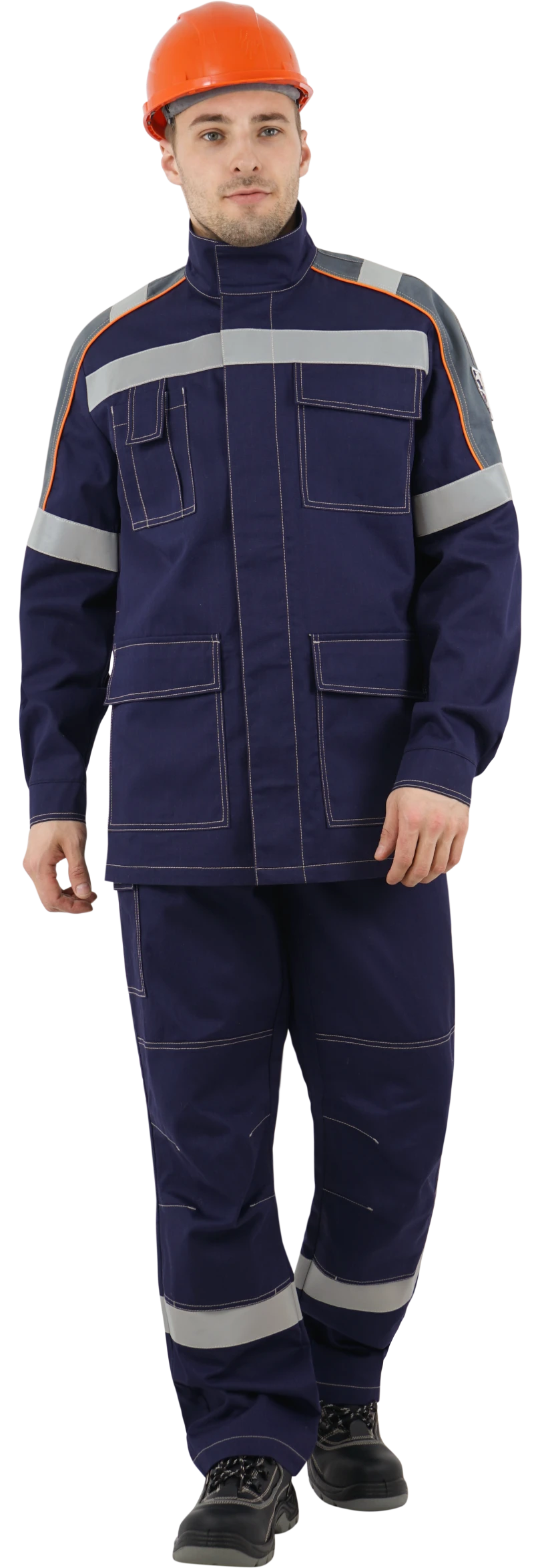 В костюме используется огнестойкая световозвращающая полоса шириной 50 мм. Огнестойкие нитки Nomex.
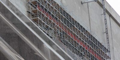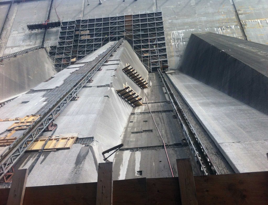 Placement of concrete on vertical and sloped faces of the power generation dam.
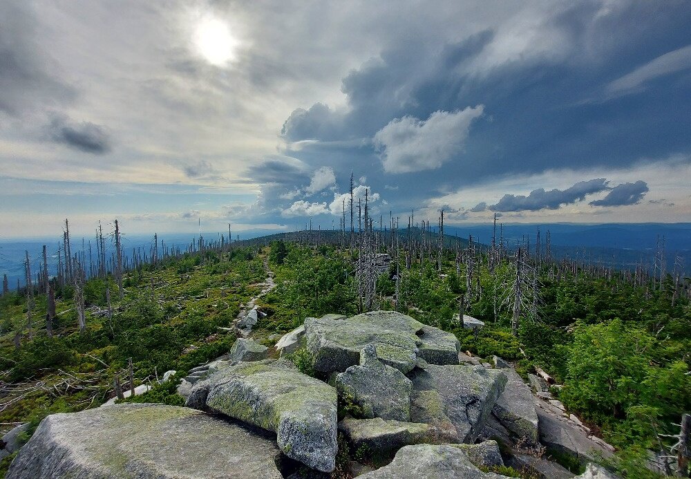 Vyběhl jsem z Dešenic přesně v 6:00, takže to znamenalo vstávat cca v 4:15. Už začátek běhu mě přesvědčil o tom, že to nebude žádná legrace. Tuto část Šumavy dobře znám, tak jsem si říkal, že vlastně první stoupání začíná až v Hamrech. Párkrát jsem z Hamrů na Ostrý šel. Je to pohodové, mírné stoupání až Pod stateček, pak se to trochu zvedne a poslední část jsou trochu kameny. Ale když jsem viděl, jak Honza Krabec naplánoval cestu tady, bylo mi jasné, že to žádná legrace nebude. Už „nesmyslné“ stoupání z Dešenic a pak klesání na přehradu mi utvrdilo, že je Honza fakt vtipálek. Pak v Hamrech po zelené, po louce… Hned z kraje totálně mokré boty od rosy… Na Ostrém jsem byl okolo 8:00 a byl krásný výhled, obloha úplně bez mraků.
== == ==
EXERCISE DIRECTIONS: Could you give all of the data again exactly as written, omitting any pictures?

EXERCISE OUTPUT:
 В костюме используется огнестойкая световозвращающая полоса шириной 50 мм. Огнестойкие нитки Nomex.
 Placement of concrete on vertical and sloped faces of the power generation dam.
 Vyběhl jsem z Dešenic přesně v 6:00, takže to znamenalo vstávat cca v 4:15. Už začátek běhu mě přesvědčil o tom, že to nebude žádná legrace. Tuto část Šumavy dobře znám, tak jsem si říkal, že vlastně první stoupání začíná až v Hamrech. Párkrát jsem z Hamrů na Ostrý šel. Je to pohodové, mírné stoupání až Pod stateček, pak se to trochu zvedne a poslední část jsou trochu kameny. Ale když jsem viděl, jak Honza Krabec naplánoval cestu tady, bylo mi jasné, že to žádná legrace nebude. Už „nesmyslné“ stoupání z Dešenic a pak klesání na přehradu mi utvrdilo, že je Honza fakt vtipálek. Pak v Hamrech po zelené, po louce… Hned z kraje totálně mokré boty od rosy… Na Ostrém jsem byl okolo 8:00 a byl krásný výhled, obloha úplně bez mraků.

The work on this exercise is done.